IPO Delays Start to Pile Up in Europe Amid Market Turmoil

(Bloomberg) — Delayed listings are beginning to pile up in Europe with investors fleeing high-risk and frothy assets, forcing issuers to rethink their plans to raise fresh funding in volatile public markets.

Cheplapharm Arzneimittel GmbH on Friday became the latest to put its initial public offering on hold. The German drugmaker, which was looking to raise 750 million euros ($855 million), has decided to extend the timetable for its IPO, originally planned for the first quarter in Frankfurt, because of “current unfavorable market conditions,” the company said in a statement Friday.

The announcement came a day after startup WeTransfer pulled its Amsterdam offering, while U.K. law firm Mishcon de Reya LLP has also delayed for a second time what would have been the world’s biggest law-firm IPO, Bloomberg News reported.
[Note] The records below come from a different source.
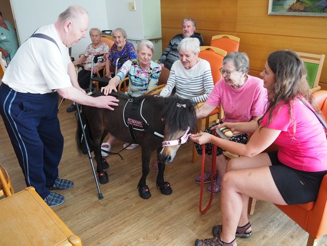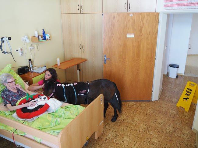 Od nadačního fondu Českého rozhlasu a jejich sbírky Ježíškova vnoučata jsme obdrželi dárkový poukaz na návštěvu terapeutického koníka Emila a jeho zvířecích přátel s jejich majitelkou paní Veronikou. Dnes tedy proběhla již druhá návštěva koníka a byla zaměřená na individuální návštěvu u klientů, kteří jsou upoutaní na lůžko.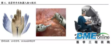 達(dá)芬奇手術(shù)機(jī)器人代表著當(dāng)今手術(shù)機(jī)器人最高水平,它有三個關(guān)鍵核心技術(shù):可自由運(yùn)動的手臂腕部Endo Wrist、3D高清影像技術(shù)、主控臺的人機(jī)交互設(shè)計。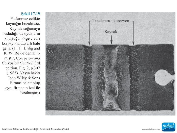 • Taneler arası korozyon, özellikle paslanmaz çeliklerin kaynağında, kaynak bozunması adı verilen ciddi bir probleme yol açar. Şekil 17. 19’da bu tür taneler arası korozyon gösterilmiştir.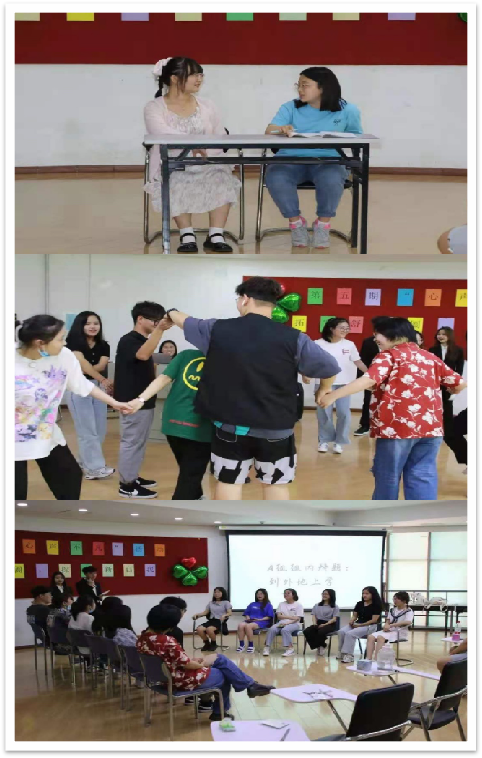 “畅聊天地”环节由学生们主动分享了对舒适圈的理解,并通过视频播放给出了舒适圈的精确定义;“情景剧场”环节则围绕上述的三个问题上演了两位主人公分别选择是与否之后不同的人生走向,让学生们对是否拓宽舒适圈有了更深的思考;“游戏人生”环节也紧紧围绕我们的主题词开展,让学生们全身心沉浸在“拓宽舒适圈”的氛围里;最后,“心理科普”环节系统地介绍了舒适圈的相关概念以及拓宽舒适圈的方法,为本次活动画上了圆满的句号。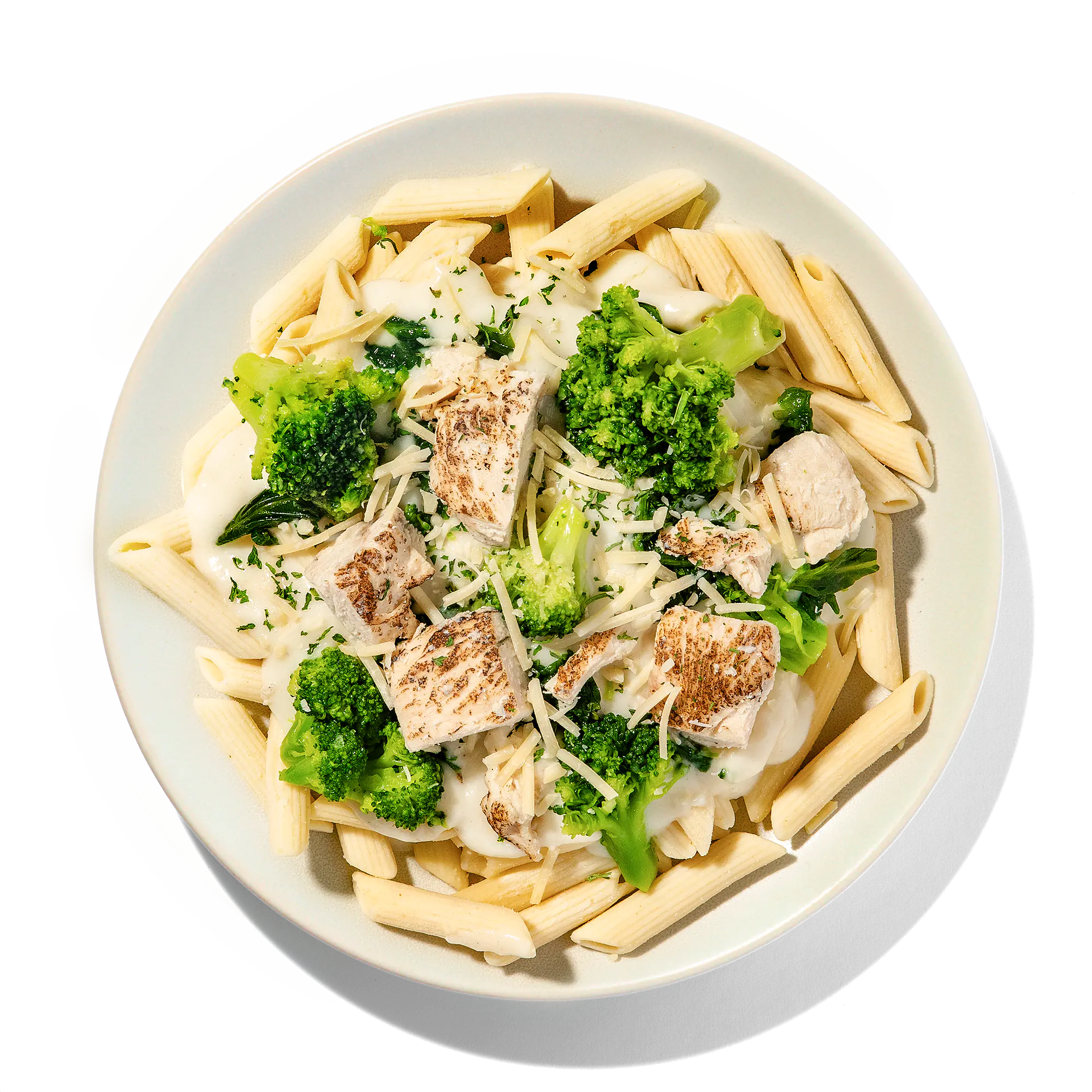 Cooked Enriched Penne Pasta (Water, Durum Wheat Semolina, Niacin, Iron [ferrous Sulfate], Thiamine Mononitrate, Riboflavin, Folic Acid), Alfredo Sauce (Water, Whole Milk, Heavy Cream, Parmesan And Granular Cheese [pasteurized Milk, Cheese Cultures, Salt, Enzymes], Olive Oil, Food Starch - Modified, Salt, Garlic, Sodium Caseinate, Spices, Citric Acid, Lactic Acid), Diced Chicken Breast Meat With Rib Meat (Skinless Boneless Chicken Breast Meat With Rib Meat, Water, Potato Starch, Vinegar, Sea Salt), Spinach, Broccoli, Shredded Parmesan Cheese (Pasteurized Milk, Cheese Cultures, Salt, Enzymes), Dried Parsley.

The prospect of interest-rate increases combined with slowing economic growth and geopolitical tensions have set global equities on course for their worst month since the pandemic started, hurting demand for new stocks.

“In an uncertain environment, one is not very keen to replace a stock he knows well in his portfolio with a lesser known IPO,” said Michel Keusch, portfolio manager at Switzerland-based Bellevue Asset Management. “The focus is more on revisiting every single existing name in one’s fund in order to navigate through these market rotations, rather than adding additional names and bringing incremental complexity and uncertainty,” he said.

It’s not just Europe, reluctant investors are delaying listing plans across the pond too. In New York, the market turmoil has made at least nine firms call off IPOs, including cloud-based human resources platform Justworks Inc. and Four Springs Capital Trust.